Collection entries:
┌──
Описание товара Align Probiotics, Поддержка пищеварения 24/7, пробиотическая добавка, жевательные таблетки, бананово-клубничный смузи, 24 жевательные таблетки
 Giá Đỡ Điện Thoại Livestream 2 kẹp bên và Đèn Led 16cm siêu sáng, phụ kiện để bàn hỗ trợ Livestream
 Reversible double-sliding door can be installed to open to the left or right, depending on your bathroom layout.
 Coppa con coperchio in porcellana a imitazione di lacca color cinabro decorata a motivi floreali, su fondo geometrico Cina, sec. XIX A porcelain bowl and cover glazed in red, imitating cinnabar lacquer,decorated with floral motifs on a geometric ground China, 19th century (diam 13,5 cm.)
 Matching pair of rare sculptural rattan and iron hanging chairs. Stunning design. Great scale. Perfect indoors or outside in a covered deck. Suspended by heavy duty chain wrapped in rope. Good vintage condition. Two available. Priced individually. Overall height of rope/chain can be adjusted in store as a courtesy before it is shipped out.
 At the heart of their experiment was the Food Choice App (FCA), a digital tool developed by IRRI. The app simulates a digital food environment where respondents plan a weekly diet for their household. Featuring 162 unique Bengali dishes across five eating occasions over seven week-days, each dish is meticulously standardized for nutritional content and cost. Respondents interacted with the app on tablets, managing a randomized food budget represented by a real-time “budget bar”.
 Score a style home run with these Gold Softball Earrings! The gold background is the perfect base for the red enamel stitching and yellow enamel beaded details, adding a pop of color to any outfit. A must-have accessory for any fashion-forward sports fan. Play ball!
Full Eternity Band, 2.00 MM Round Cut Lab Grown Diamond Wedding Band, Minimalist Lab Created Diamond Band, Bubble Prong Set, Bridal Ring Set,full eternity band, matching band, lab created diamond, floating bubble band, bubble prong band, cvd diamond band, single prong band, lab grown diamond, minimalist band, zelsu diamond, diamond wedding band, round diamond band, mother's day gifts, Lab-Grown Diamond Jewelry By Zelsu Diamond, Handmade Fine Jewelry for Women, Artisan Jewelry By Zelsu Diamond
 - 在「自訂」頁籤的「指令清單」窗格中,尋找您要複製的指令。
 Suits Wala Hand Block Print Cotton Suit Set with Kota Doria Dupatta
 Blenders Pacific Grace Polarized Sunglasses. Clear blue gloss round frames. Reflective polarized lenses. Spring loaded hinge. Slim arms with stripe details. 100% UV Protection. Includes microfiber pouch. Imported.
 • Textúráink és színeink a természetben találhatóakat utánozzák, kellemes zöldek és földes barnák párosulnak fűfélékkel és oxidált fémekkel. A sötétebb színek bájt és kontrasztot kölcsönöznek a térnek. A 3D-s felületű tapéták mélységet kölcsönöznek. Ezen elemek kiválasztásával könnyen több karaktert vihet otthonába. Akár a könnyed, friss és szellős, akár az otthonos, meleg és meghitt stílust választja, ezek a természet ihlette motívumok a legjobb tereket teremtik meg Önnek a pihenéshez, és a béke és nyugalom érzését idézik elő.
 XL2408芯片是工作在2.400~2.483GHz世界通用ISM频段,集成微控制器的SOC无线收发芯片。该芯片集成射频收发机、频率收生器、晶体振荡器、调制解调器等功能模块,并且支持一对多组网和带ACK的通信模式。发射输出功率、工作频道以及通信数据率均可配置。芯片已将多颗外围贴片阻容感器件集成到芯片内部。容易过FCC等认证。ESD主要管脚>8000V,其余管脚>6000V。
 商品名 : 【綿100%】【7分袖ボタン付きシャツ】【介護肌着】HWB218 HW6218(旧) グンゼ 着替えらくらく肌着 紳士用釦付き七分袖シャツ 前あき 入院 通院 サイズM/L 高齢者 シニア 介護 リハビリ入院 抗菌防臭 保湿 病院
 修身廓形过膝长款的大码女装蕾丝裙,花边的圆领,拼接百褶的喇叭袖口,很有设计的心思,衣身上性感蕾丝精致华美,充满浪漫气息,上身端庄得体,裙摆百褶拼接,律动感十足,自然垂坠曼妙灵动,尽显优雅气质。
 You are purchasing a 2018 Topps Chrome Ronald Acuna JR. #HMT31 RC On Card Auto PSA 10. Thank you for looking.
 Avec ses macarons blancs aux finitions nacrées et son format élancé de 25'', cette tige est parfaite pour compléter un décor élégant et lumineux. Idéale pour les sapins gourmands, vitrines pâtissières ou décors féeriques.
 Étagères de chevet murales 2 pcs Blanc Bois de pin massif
└──
- **Exercise aim**
All that is needed is the opening run of the data, given again exactly: please include every line from the first through the line with "Coppa con coperchio", both ends kept.

- **Task answer**
Описание товара Align Probiotics, Поддержка пищеварения 24/7, пробиотическая добавка, жевательные таблетки, бананово-клубничный смузи, 24 жевательные таблетки
 Giá Đỡ Điện Thoại Livestream 2 kẹp bên và Đèn Led 16cm siêu sáng, phụ kiện để bàn hỗ trợ Livestream
 Reversible double-sliding door can be installed to open to the left or right, depending on your bathroom layout.
 Coppa con coperchio in porcellana a imitazione di lacca color cinabro decorata a motivi floreali, su fondo geometrico Cina, sec. XIX A porcelain bowl and cover glazed in red, imitating cinnabar lacquer,decorated with floral motifs on a geometric ground China, 19th century (diam 13,5 cm.)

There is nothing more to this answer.